Studio album by Liars
- Released: October 30, 2001
- Recorded: June 30–July 1, 2001
- Genres: Noise rock; post-punk revival;
- Length: 51:32
- Labels: Gern Blandsten, Blast First

Liars chronology
|  | They Threw Us All in a Trench and Stuck a Monument on Top (2001) | Fins to Make Us More Fish-Like (2002) |

= They Threw Us All in a Trench and Stuck a Monument on Top =

They Threw Us All in a Trench and Stuck a Monument on Top is the debut studio album by Australian-American dance-punk band Liars. The album was first released on October 30, 2001, by Gern Blandsten Records and later re-released in 2002 by English label Blast First. It displays the band in its original line-up with singer Angus Andrew, guitarist Aaron Hemphill, bassist Pat Noecker (currently in These Are Powers), and drummer Ron Albertson.

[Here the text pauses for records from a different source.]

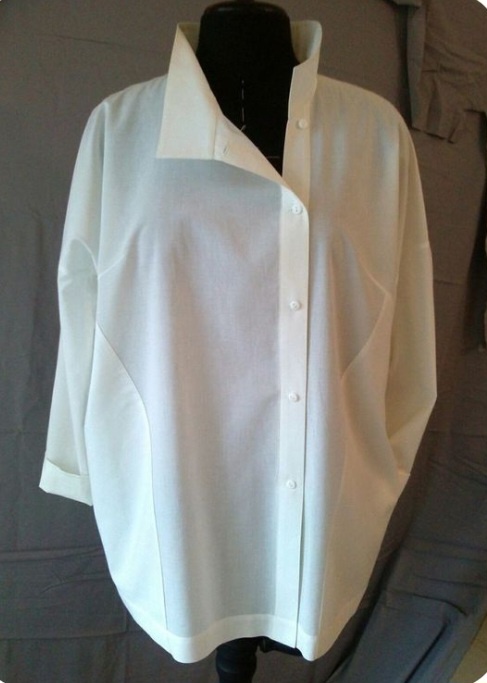 Всем привет! Среди разнообразия моделей рубашек хочу предложить несколько идей заслуживаших внимания. У каждого в гардеробе имеется такая блузка рубашечного типа. Она универсальна, проста и комфортна. Оживим эту модель рубашки, пришив еще одну ложную планку и сделаем низ разной длины или разной формы. Выкроим одну полочку длиннее другой и соберем ее с помощью складок. Продернем через часть планки шнурок , соберем ее в сборку и зафиксируем шнур через деталь из бокового шва. Обычно застёжка на блузке это прямая планка или отворот с подбортом. Ниже на фото несколько моделей с фигурными планками, дополненные декором из сборки, тесьмы и контрастных пуговиц. Следующие идеи акцентируют внимание на талии. Треугольные детали вшитые в бока завязаны спереди бантом Односторонний хлястик зафиксированный пуговицей образует мягкие складки на одной полочке. Более лаконичный тонкий шнур- рулик также приталивает силуэт рубашки с одной стороны. И еще несколько идей со складками и подхватами.
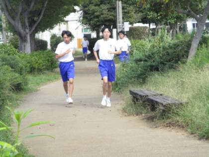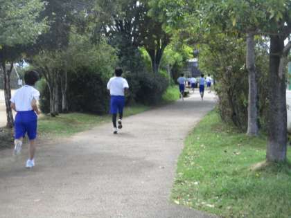 2限33、34Hの男子体育の様子です。スポーツプラザの周囲を走る持久走で、タイムを測定しています。
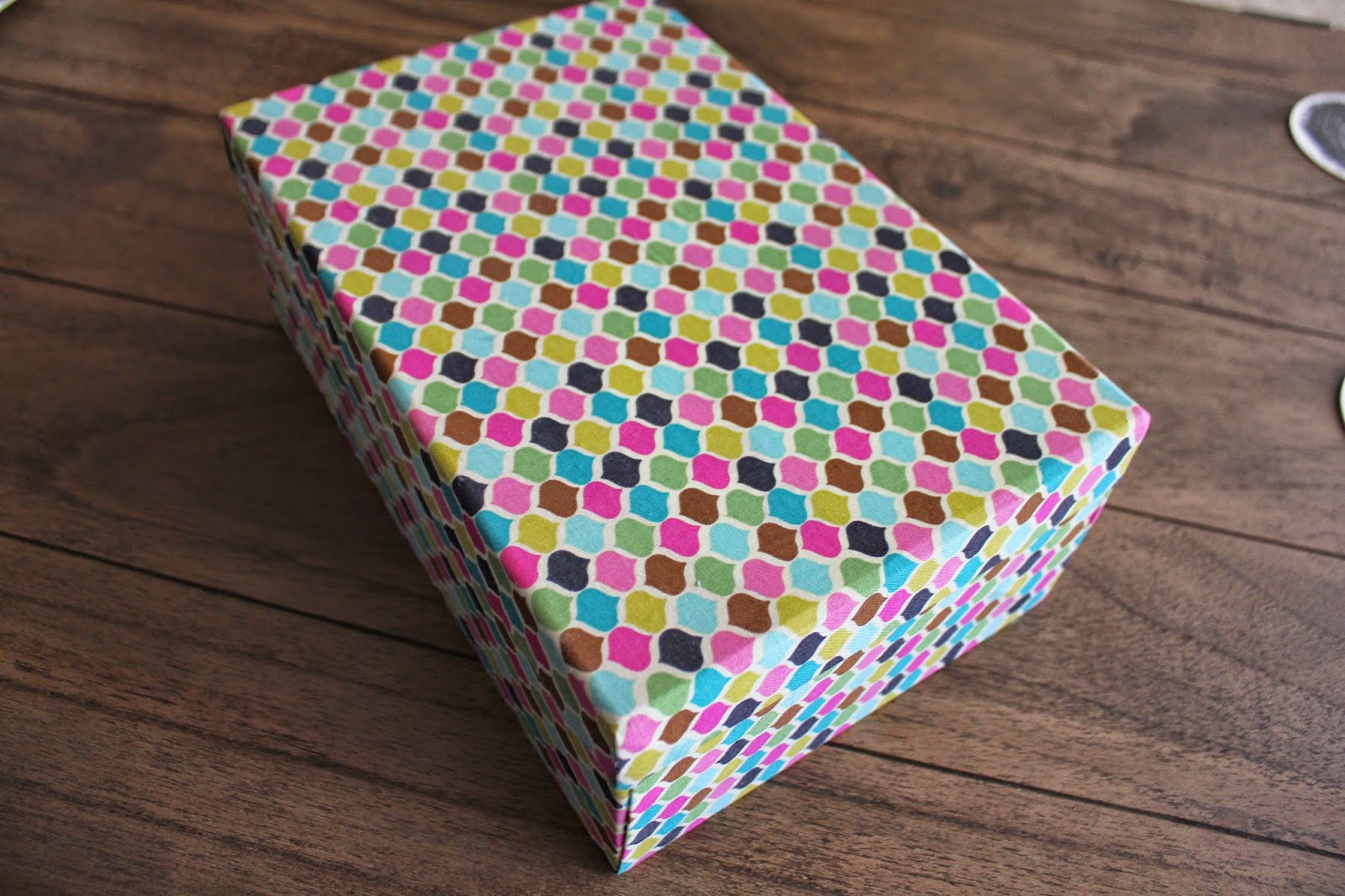 Lastly I decided to use a box I covered in fabric to store labels, scissors, tape, etc for gift wrapping, as it was the perfect size to fit on the only shelf in my laundry closet.
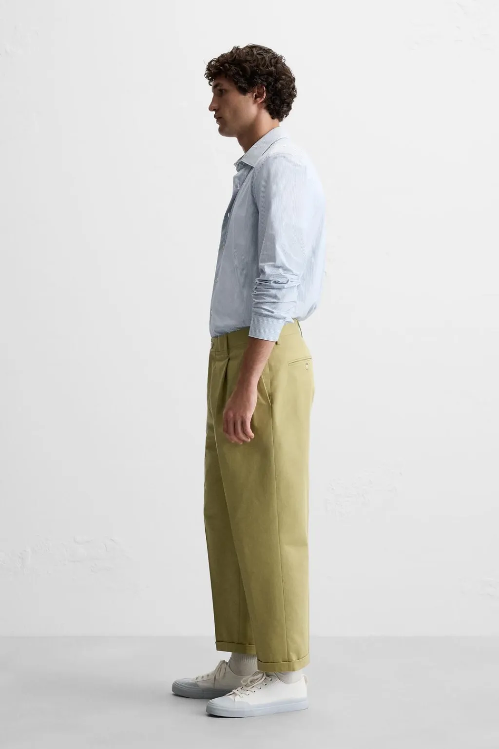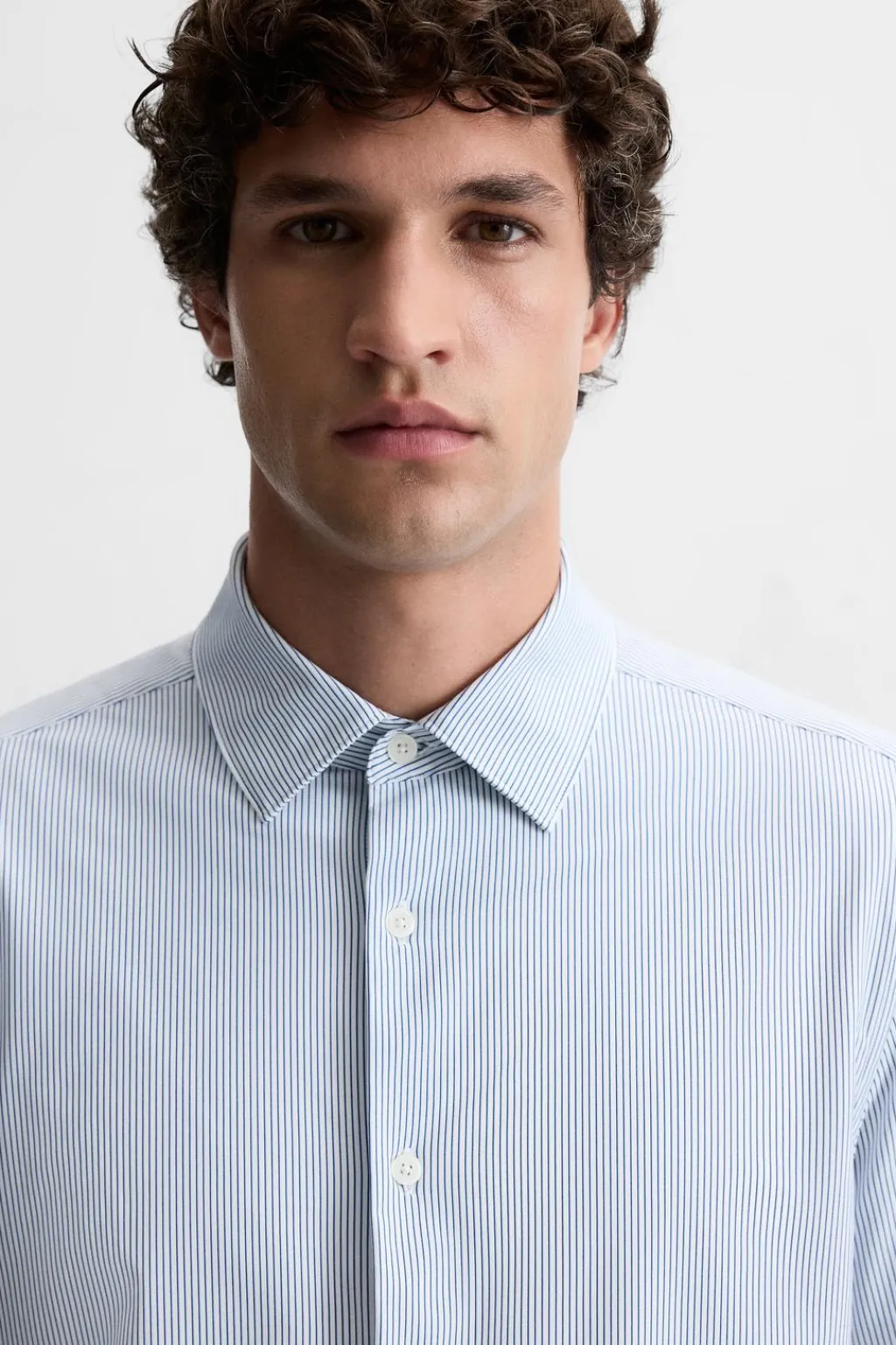Camisa slim fit confeccionada en un tejido que minimiza la necesidad de plancha después del lavado. Cuello italiano y manga larga acabada en puño con botón. Cierre frontal de botonadura.

Underworld's album Beaucoup Fish (1999) was credited by Angus Andrew as the foremost influential album on They Threw Us All in a Trench and Stuck a Monument on Top.

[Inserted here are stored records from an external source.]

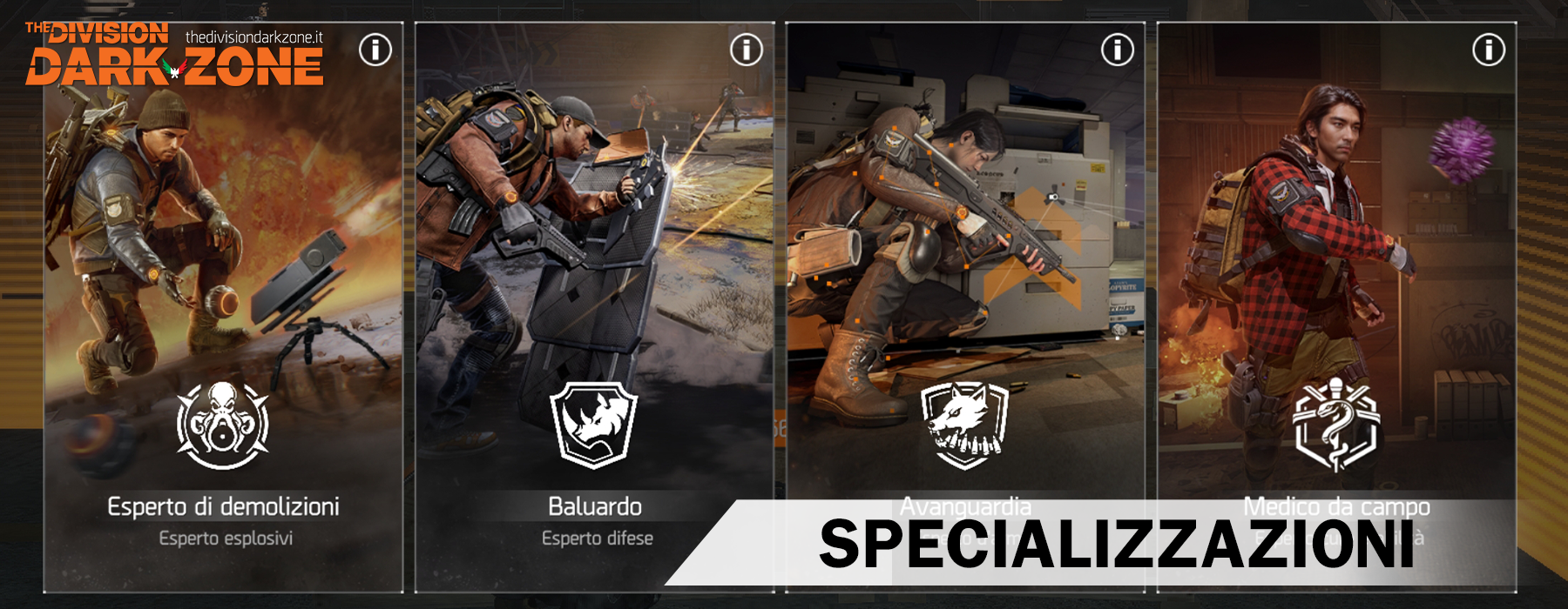 Le prime quattro specializzazioni proposte dal gioco sono: Avanguardia, Baluardo, Esperto di demolizioni e Medico da campo. Non sono le uniche specializzazioni presenti però, avanzando nel gioco sarà possibile sbloccarne altre con il “Sigillo richiesta per specializzazione” a partire da Operatore Tecnico, e verranno inserite nuove specializzazioni con vari aggiornamenti del gioco.
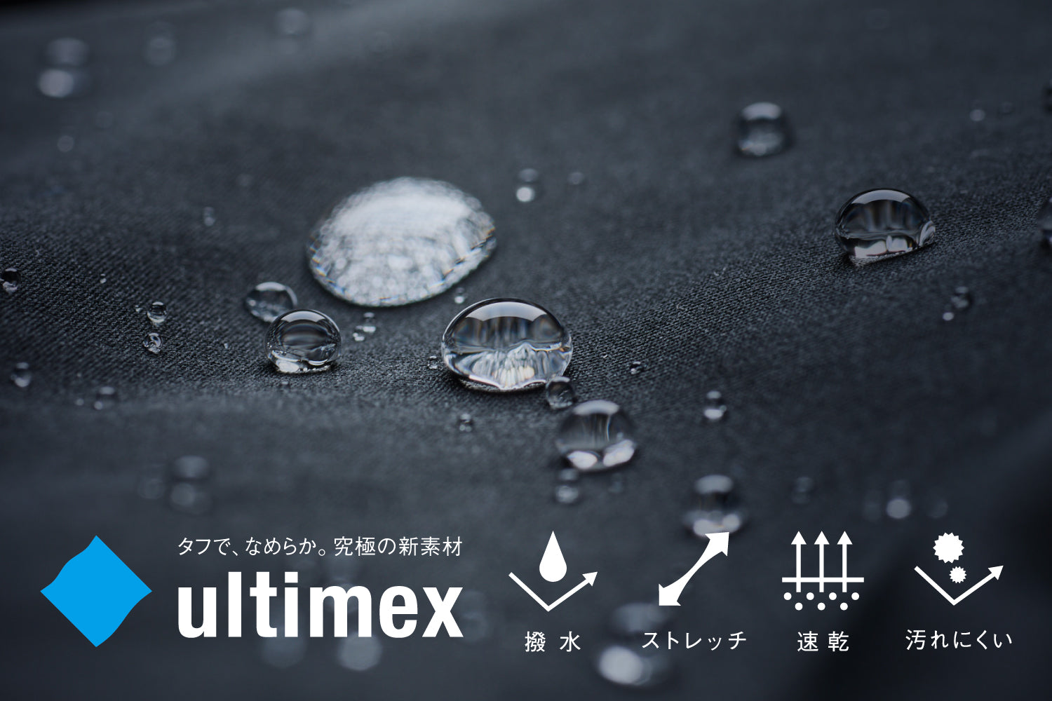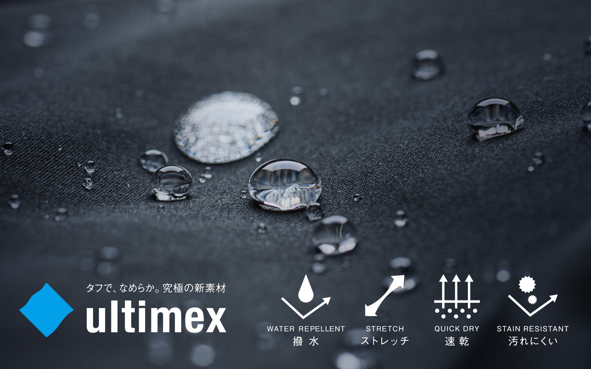 “ultimex” は、約2年の歳月をかけて開発された、ストレッチ・撥水・速乾・透湿に優れたMacqloの独自素材です。
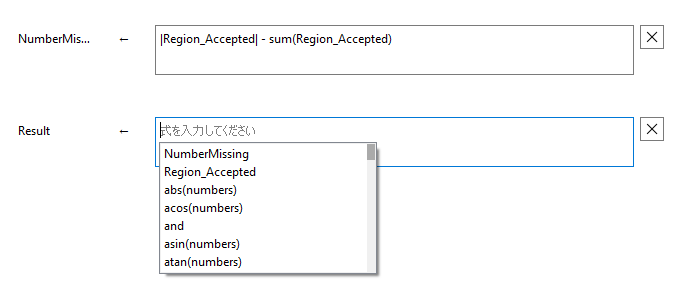 この画像では、CTRL +スペースキーを使用して手動で開いた後の、可能なすべての関数と演算子を含むポップアップリストを確認できます。リストの一番上に、最初の式「NumberMissing」の結果と、パラメーター「Region_Accepted」が表示されます。
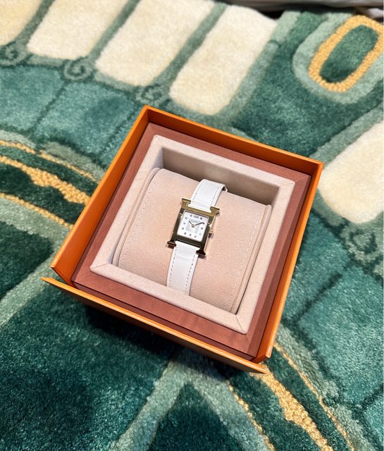 這是金錶殼、錶盤11顆鑽款,配上白色鱷魚錶帶的白雪公主一枚!
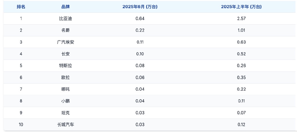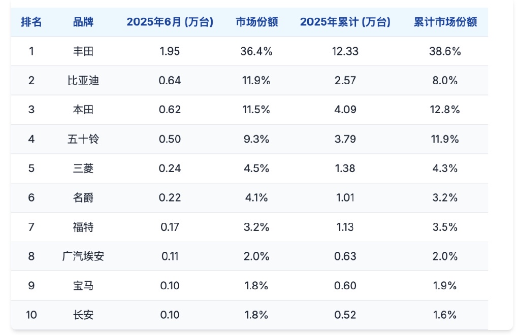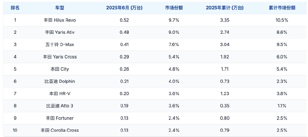 Chinese brands performed particularly well in Thailand's June 2025 market.BYD, GAC Aion, Changan, MG, Ora, XPeng, Geely, Denza, Leapmotor, Neta, ZEEKR, and Great Wall all achieved varying degrees of sales growth, with their collective market share approaching 30%.
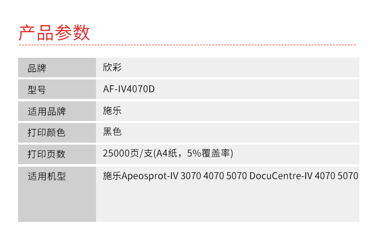| 适用机型 | 适用施乐Apeosprot-IV 3070 4070 5070 DocuCentre-IV 4070 5070 |

The album received positive reviews from publications such as AllMusic and Pitchfork Media, which cemented the band's place in recent American music. Robert Christgau of The Village Voice gave the album a two-star honorable mention rating and remarked: "Not a bad trick—tension-and-release that never lets go." The Yeah Yeah Yeahs covered the song "Mr. Your on Fire Mr.", which was released as a B-side of their single "Pin".

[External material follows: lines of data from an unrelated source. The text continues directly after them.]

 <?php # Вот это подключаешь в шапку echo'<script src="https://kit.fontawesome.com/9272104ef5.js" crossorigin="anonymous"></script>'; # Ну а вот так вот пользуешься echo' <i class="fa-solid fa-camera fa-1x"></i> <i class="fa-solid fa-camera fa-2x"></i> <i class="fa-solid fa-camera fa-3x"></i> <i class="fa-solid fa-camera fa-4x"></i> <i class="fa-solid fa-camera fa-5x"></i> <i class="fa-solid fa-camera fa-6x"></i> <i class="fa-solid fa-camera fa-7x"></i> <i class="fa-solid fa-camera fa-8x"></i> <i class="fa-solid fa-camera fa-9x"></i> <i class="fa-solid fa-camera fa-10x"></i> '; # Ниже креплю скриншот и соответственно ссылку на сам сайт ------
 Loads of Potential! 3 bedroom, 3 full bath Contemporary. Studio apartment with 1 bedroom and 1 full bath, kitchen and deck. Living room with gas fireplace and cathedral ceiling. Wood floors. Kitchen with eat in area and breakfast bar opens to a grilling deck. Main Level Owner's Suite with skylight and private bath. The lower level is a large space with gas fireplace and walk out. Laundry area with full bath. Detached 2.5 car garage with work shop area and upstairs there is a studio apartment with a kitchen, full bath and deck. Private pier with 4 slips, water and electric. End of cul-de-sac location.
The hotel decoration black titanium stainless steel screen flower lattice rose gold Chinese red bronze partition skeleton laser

"This Dust Makes That Mud" appeared on the Meet Me in the Bathroom soundtrack.

Professional ratings
Aggregate scores
| Source | Rating |
| Metacritic | 77/100 |
Review scores
| Source | Rating |
| AllMusic | Star |
| Alternative Press | 8/10 |
| Blender | Star |
| Entertainment Weekly | B+ |
| The Guardian | Star |
| NME | 8/10 |
| Pitchfork | 8.1/10 |
| Q | Star |
| Rolling Stone | Star |
| Uncut | Star Half star |

==Track listing==
1. "Grown Men Don't Fall in the River, Just Like That" – 3:03
2. "Mr. Your on Fire Mr." – 2:27
3. "Loose Nuts on the Veladrome" – 2:19
4. "The Garden Was Crowded and Outside" – 2:44
5. "Tumbling Walls Buried Me in the Debris with ESG" – 4:05 (vocal cover of an ESG song)
6. "Nothing Is Ever Lost or Can Be Lost My Science Friend" – 3:03
7. "We Live NE of Compton" – 3:01
8. "Why Midnight Walked But Didn't Ring Her Bell" – 0:51
9. "This Dust Makes That Mud" – 30:07
The LP version of "This Dust Makes That Mud" is approximately 8:30 and ends in a locked groove; the CD version goes to 8:05, digitally loops the same two-bar phrase until 30:00, and then simulates slowing to a stop.